Practical toll on workers. Reduced hours, poorer shift assignments, and fewer promotion opportunities are more likely when an employee’s score slips. Even a small difference repeated over hundreds of shifts quickly creates large wage gaps.

Organizational reputation and profitability. From a strictly financial standpoint, ignoring discrimination hurts staff morale, increases turnover, and can damage a company’s public image (Nunez-Smith et al. 2009; Heiserman and Simpson 2023). Conversely, addressing bias can stabilize the workforce and enhance service quality, as employees feel supported and fairly evaluated (Heskett et al. 1994; Hogreve et al. 2017).

Management and policy implications

Below I offer actionable steps for businesses and policymakers to mitigate customers’ biases in their ratings and their impact on front-line workers.

Management implications

Provide more objective information to reduce racial stereotypes. Based on our analysis, racial bias in customer evaluations is closely linked to uncertainty about the service experience, aligning with the theory of statistical discrimination (Phelps 1972; Arrow 1972). As such, mitigating customer racial biases should focus on providing reliable, objective information about servers’ performance and abilities.

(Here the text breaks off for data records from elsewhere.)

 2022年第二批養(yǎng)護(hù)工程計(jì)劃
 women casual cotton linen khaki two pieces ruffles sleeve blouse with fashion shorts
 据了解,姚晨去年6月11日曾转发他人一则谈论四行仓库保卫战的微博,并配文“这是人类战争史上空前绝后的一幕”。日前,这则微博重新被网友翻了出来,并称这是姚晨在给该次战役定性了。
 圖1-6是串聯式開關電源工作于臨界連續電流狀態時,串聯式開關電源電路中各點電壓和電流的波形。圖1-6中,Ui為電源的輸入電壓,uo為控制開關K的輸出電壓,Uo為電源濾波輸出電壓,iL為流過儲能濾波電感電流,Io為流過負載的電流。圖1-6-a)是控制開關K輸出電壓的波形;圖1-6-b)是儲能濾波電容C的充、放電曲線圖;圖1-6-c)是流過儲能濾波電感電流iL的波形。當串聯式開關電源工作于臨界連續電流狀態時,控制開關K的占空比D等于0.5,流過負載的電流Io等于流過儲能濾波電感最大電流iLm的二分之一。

For example, ride-sharing platforms such as Uber and Lyft already provide passengers with key information about drivers, including their name, photo, tenure, and the number of completed rides. Similarly, many restaurants collect customer satisfaction data electronically, creating an opportunity to share objective performance metrics with diners. Restaurants could display information such as a server’s tenure, total number of customers served, or specialized training alongside their name and photo via digital receipts or tablets. By equipping customers with this objective data, restaurants may help mitigate racial biases and foster fairer evaluations of servers’ performance.

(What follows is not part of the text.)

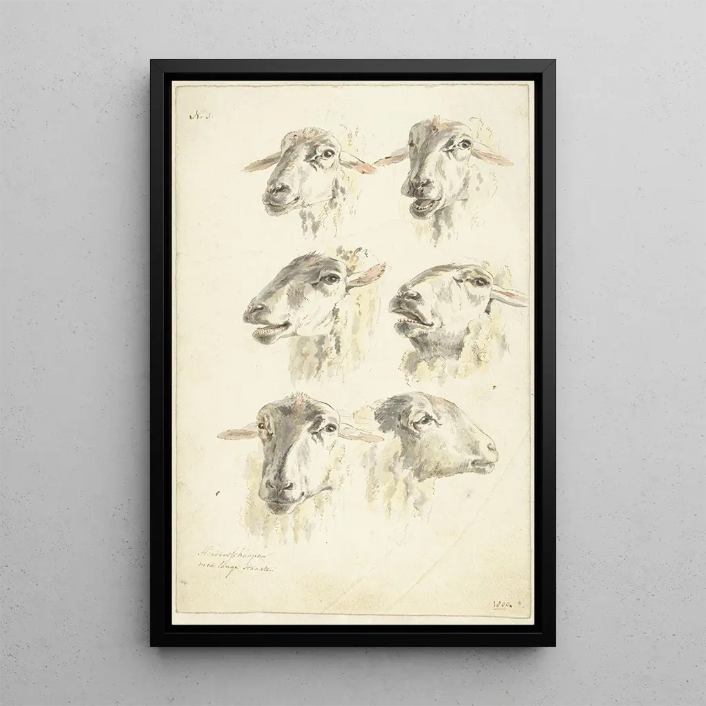 Feuille d'étude avec six têtes de mouton : une exploration de la nature

Address entrenched gender status hierarchies (internal actions). Providing customers with objective performance information may help mitigate racial bias. This approach, however, is likely to be less effective in addressing gender bias, which our analysis suggests is rooted in status‑based discrimination rather than information gaps (Foschi 2000). Employment in fine‑dining venues remains male‑dominated, signaling that men hold higher status in these roles and reinforcing outdated stereotypes (Hall 1993). Equally qualified women are 39% less likely to receive job offers and 35% less likely to be invited for interviews at upscale restaurants compared to men (Neumark et al. 1996). Management can disrupt this pattern by adopting fair, transparent hiring and promotion practices—blind resume reviews, standardized interview questions, and structured performance tests—that have reduced bias in other sectors (Goldin and Rouse 2000). Actively recruiting and advancing women into visible front‑of‑house roles will, over time, normalize their presence, erode the notion that men are “naturally” better suited to prestige service, and signal fairness to both staff and patrons. The payoff is not merely ethical: Greater gender diversity strengthens brand reputation, broadens the customer base, and boosts morale and retention (Hunt et al. 2015).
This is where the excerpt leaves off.